So…where do I begin? So both flights were fairly turbulent in my eyes. No more than, say, 5-10 mins of what I consider to be smooth. But, I progressed definitely. 100% certain of that.
My fear “ended earlier” than it has done on any previous flight I can remember I.e. On the way out, the fear almost completely disappeared after about 60% of the flights duration and I even went to the toilet when it was a little bumpy. Interestingly, I did question in my own mind “why doesn’t the pilot just ascend a few thousand more feet to get out of this high cloud” and I actually came up with the own answer in my head which is a first, for definite. It was answering my own question but it was a “Keith” response! “Because it’s not dangerous”!
The other achievement was not immediately looking up to see if the seatbelt sign had been switched on when hearing the beeps in the cabin. I left it 20 seconds before doing so (rather than an immediate glance up to see if I needed to strap myself in tightly!). Another achievement was relying less on looking out the window to remind my brain that we weren’t falling during the little bumps.

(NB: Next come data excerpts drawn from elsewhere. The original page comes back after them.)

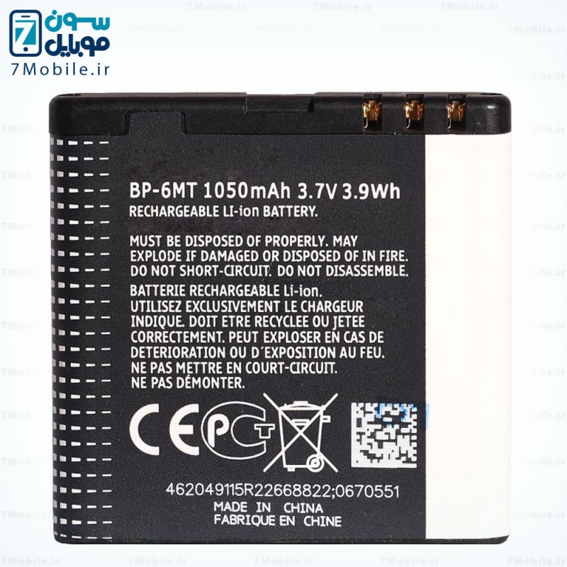 باطری اصلی نوکیا مدل BP-6MT ، این باطری با ظرفیت 1050 میلی آمپری از نوع Li-ion با ولتاژ 3.7 ولت می باشد که دارای گارانتی تعویض نیز است. این باطری با ظرفیت 1050 میلی آمپری از نوع Li-ion با ولتاژ 3.7 ولت می باشد که دارای گارانتی تعویض نیز است. این باطری با گوشی های 6720c , E5 , E51 , N81 , N81(8G) , N82 سازگار می باشد.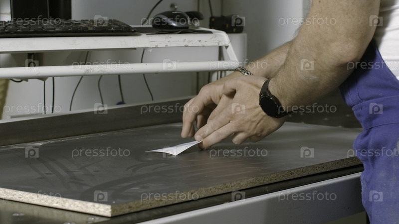 Плотник ставит бумажную наклейку на деревянную доску.Креативность.Мужчина работает с деревом, деревообработкой и традиционной плотницей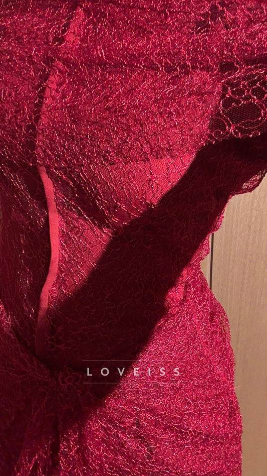 V-Neck Corset Lace Appliques Mermaid Prom Dress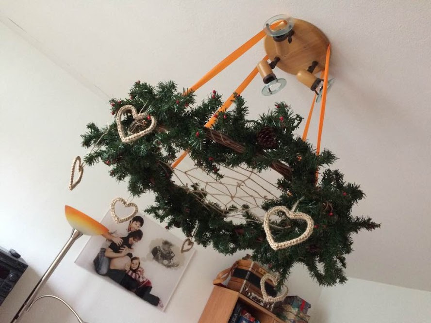 Zmena venca z jesenného na vianočný. Girlanda je z obchodu, ale srdiečka som poctivo háčkovala. :-)
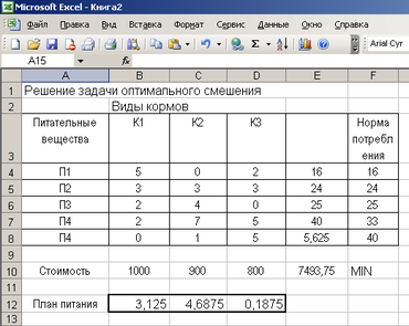 В ходе расчетов получим следующие результаты: оптимальный рацион должен содержать 3,125 ед. корма К1, 4,6875 ед. корма К2 и 0,1875 корма К3. При этом стоимость рациона будет составлять 7493,75 руб.

I still needed to from time to time but less so and at one point I closed the window shutter to help with that.
I had an exercise book to jot down thoughts/flight diary etc. and focus attention etc.
I did have a few elastic band snaps on the flight out but that was ok and all part of the process I guess.
Way back was a little more bumpy but was quite calm at the airport and even getting on the plane and taxiing. Seatbelt sign came on for 10 mins or so at cruising and that was a challenge but I did my breathing and used the window view to assist. Didn’t get anywhere near full panic mode but it was a challenge.
So, as I write this I am thinking that the next time I need to go to XXX for work I may suggest flying instead of what I normally do which is get the train!
If I am not flying for a while now, any hints/tips on what I need to do?